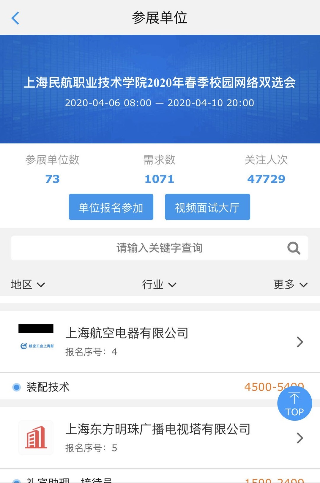 2020年春季校园网络双选会,是学院就业创业新系统上线以后第一次大规模进行线上网络双选会。此次双选会共有73家单位参加,提供155个职位,1071个岗位数量,其中国有企业18家、三资企业12家。73家企业分布12大类行业,主要包括交通运输业、制造业、服务业、零售业等。公司位于上海的有61家,北京市1家、浙江省4家、广东省3家、福建省2家。截至4月8日上午,共有979位学生投递了简历,企业收到简历7000多份。
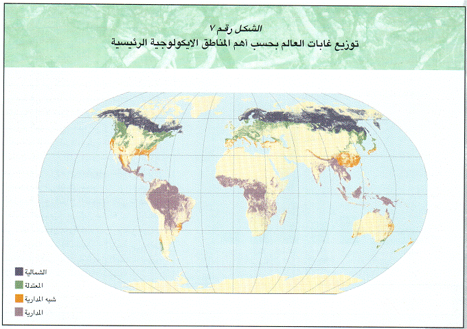 وقد تم تحديد الغطاء الحرجي في العالم بحسب المناطق الإيكولوجية باستخدام خريطة الغطاء الحرجي في العالم الخاصة بتقدير الموارد الحرجية لعام 2000، وخريطة المناطق الإيكولوجية. وتقع النسبة الكبرى من غابات العالم في المناطق المدارية (47 في المائة) تليها المناطق الشمالية (33%)، ثم المناطق المعتدلة (11%)، والمناطق شبه المدارية(9%)، ويبين الشكل رقم 7 موقع الغابات في هذه المناطق الإيكولوجية الواسعة الأربع. ويبين الجدول رقم 3 توزيع الغابات بحسب التصنيفات الاكثر تفصيلا للمناطق الإيكولوجية. فالغابات المدارية وشبه المدارية الجافة تتركز في أفريقيا (التي تحتوي على 36 في المائة من المجموع العالمي)، وفي أمريكا الجنوبية (30 في الماثة)، وفي آسيا (21 في المائة)، ويقع معظم الغابات المدارية المطيرة في أمريكا الجنوبية (58 في المائة)، كما توجد نسبة كبيرة من هذه الغابات (24 في المائة) في افريقيا، ويوجد معطم المتبقي في آسيا (17 في المائة). في حين توجد الغابات المعتدلة والشمالية كلها تقريبآ في أوروبا وأمريكا الشمالية والوسطى، أما الغابات الجبلية فتوجد في أوروبا أساسا (40 في المائة)، وفي أمريكا الشمالية والوسطى (34 في المائة).
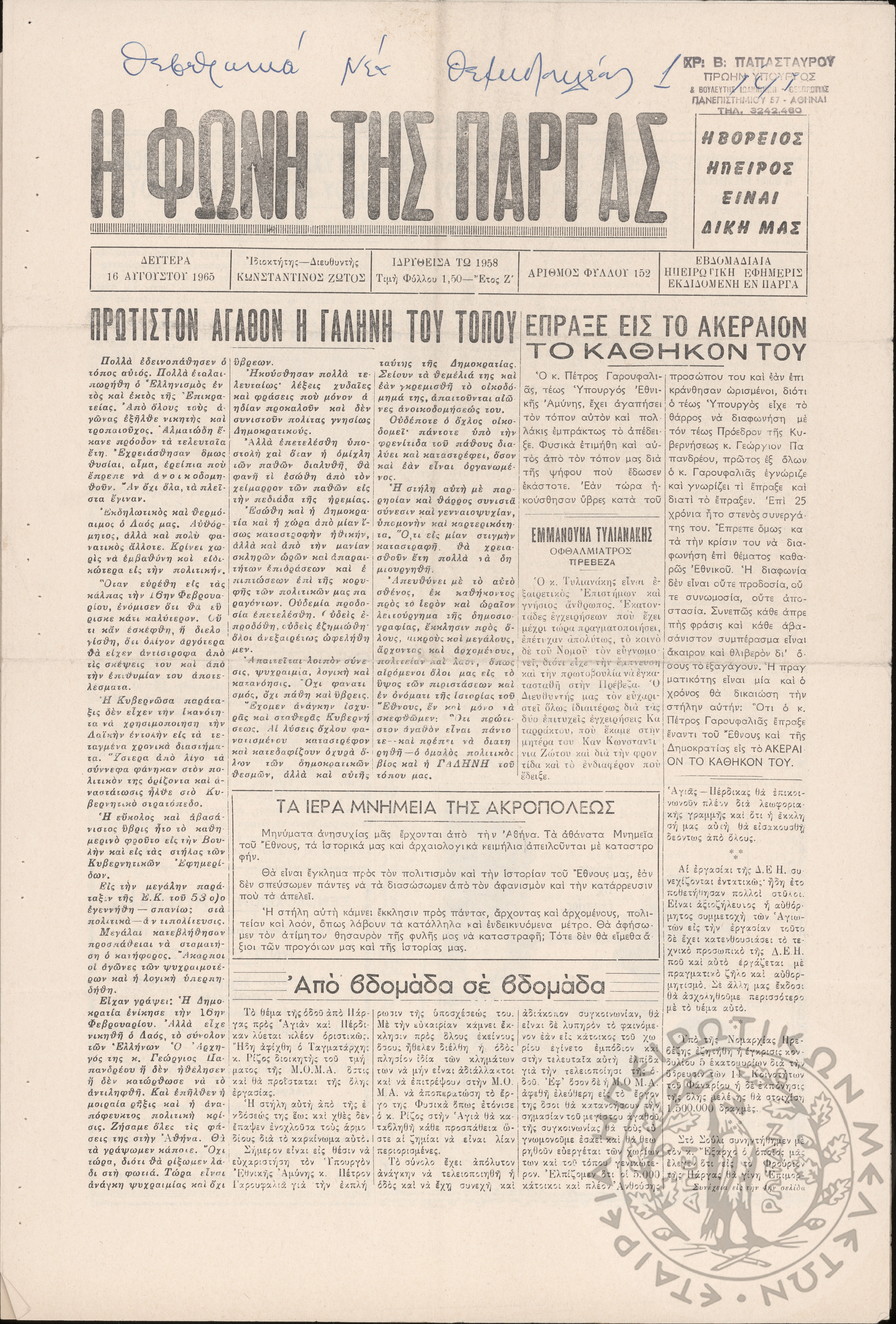 Η Φωνή της Πάργας: εβδομαδιαία Ηπειρωτική εφημερίς εκδιδομένη εν Πάργα, 1965, φ. 152Έτος Ζ΄, φ. 152...
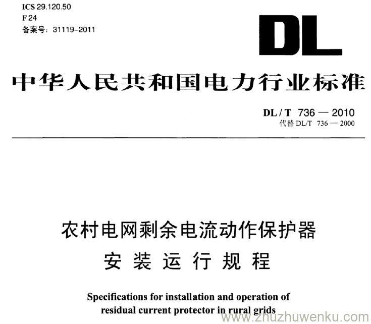 DL/T 736-2010 pdf下载 农村电网剩余电流动作保护器 安装运行规程。Specifications for installation and operation of residual current protector in rural grids.
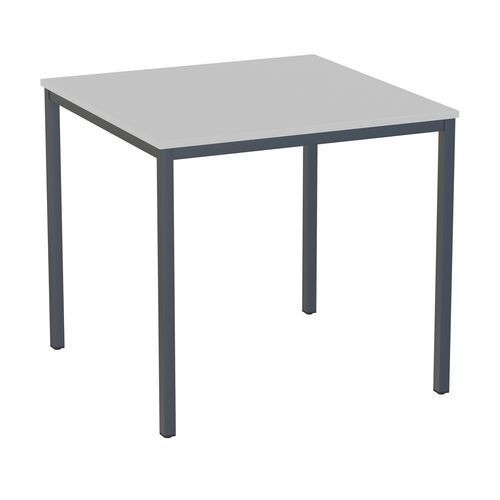 Descriptif du produit :Table à manger Versys Hauteur : 743 mm Longueurs : 800 mm Montage : À monter Piétement coloris : Anthracite Plateau coloris : Gris clair Plateau épaisseur : 18 mm Plateau matériau : Aggloméré Poids du produit : 22000 g Profondeur : 800 mm RAL : 7016 Table à manger Versys équipée d'un chant ABS de 2 mm. Peut être librement combinés entre eux en couleur. Traitement de sur ...
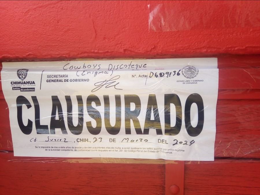 - Salón de baile “Cowboys Discoteque (Enigma)”, por hechos de sangre, operar fuera de horario y doble denominación (Ciudad Juárez).
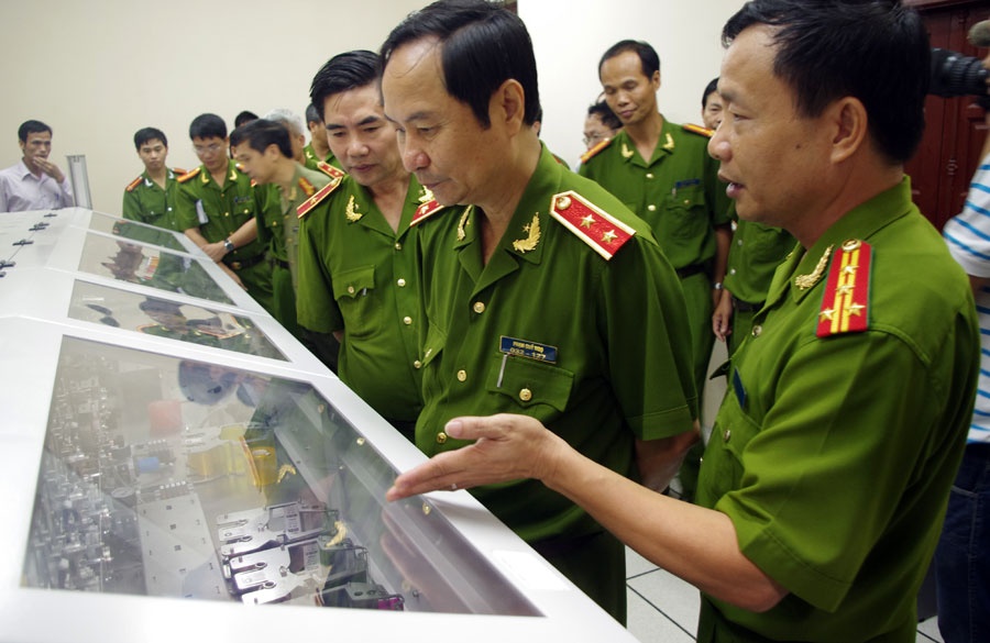 Thứ trưởng Bộ Công an Phạm Quý Ngọ kiểm tra dây chuyền sản xuất chứng minh thư (ghi tên cha mẹ) bằng công nghệ mới hồi tháng 9/2012

Task => Return the material line for line, from its beginning to the line that contains "DL/T 736-2010 pdf下载", with the pictures left out.

Finished task =>
 2020年春季校园网络双选会,是学院就业创业新系统上线以后第一次大规模进行线上网络双选会。此次双选会共有73家单位参加,提供155个职位,1071个岗位数量,其中国有企业18家、三资企业12家。73家企业分布12大类行业,主要包括交通运输业、制造业、服务业、零售业等。公司位于上海的有61家,北京市1家、浙江省4家、广东省3家、福建省2家。截至4月8日上午,共有979位学生投递了简历,企业收到简历7000多份。
 وقد تم تحديد الغطاء الحرجي في العالم بحسب المناطق الإيكولوجية باستخدام خريطة الغطاء الحرجي في العالم الخاصة بتقدير الموارد الحرجية لعام 2000، وخريطة المناطق الإيكولوجية. وتقع النسبة الكبرى من غابات العالم في المناطق المدارية (47 في المائة) تليها المناطق الشمالية (33%)، ثم المناطق المعتدلة (11%)، والمناطق شبه المدارية(9%)، ويبين الشكل رقم 7 موقع الغابات في هذه المناطق الإيكولوجية الواسعة الأربع. ويبين الجدول رقم 3 توزيع الغابات بحسب التصنيفات الاكثر تفصيلا للمناطق الإيكولوجية. فالغابات المدارية وشبه المدارية الجافة تتركز في أفريقيا (التي تحتوي على 36 في المائة من المجموع العالمي)، وفي أمريكا الجنوبية (30 في الماثة)، وفي آسيا (21 في المائة)، ويقع معظم الغابات المدارية المطيرة في أمريكا الجنوبية (58 في المائة)، كما توجد نسبة كبيرة من هذه الغابات (24 في المائة) في افريقيا، ويوجد معطم المتبقي في آسيا (17 في المائة). في حين توجد الغابات المعتدلة والشمالية كلها تقريبآ في أوروبا وأمريكا الشمالية والوسطى، أما الغابات الجبلية فتوجد في أوروبا أساسا (40 في المائة)، وفي أمريكا الشمالية والوسطى (34 في المائة).
 Η Φωνή της Πάργας: εβδομαδιαία Ηπειρωτική εφημερίς εκδιδομένη εν Πάργα, 1965, φ. 152Έτος Ζ΄, φ. 152...
 DL/T 736-2010 pdf下载 农村电网剩余电流动作保护器 安装运行规程。Specifications for installation and operation of residual current protector in rural grids.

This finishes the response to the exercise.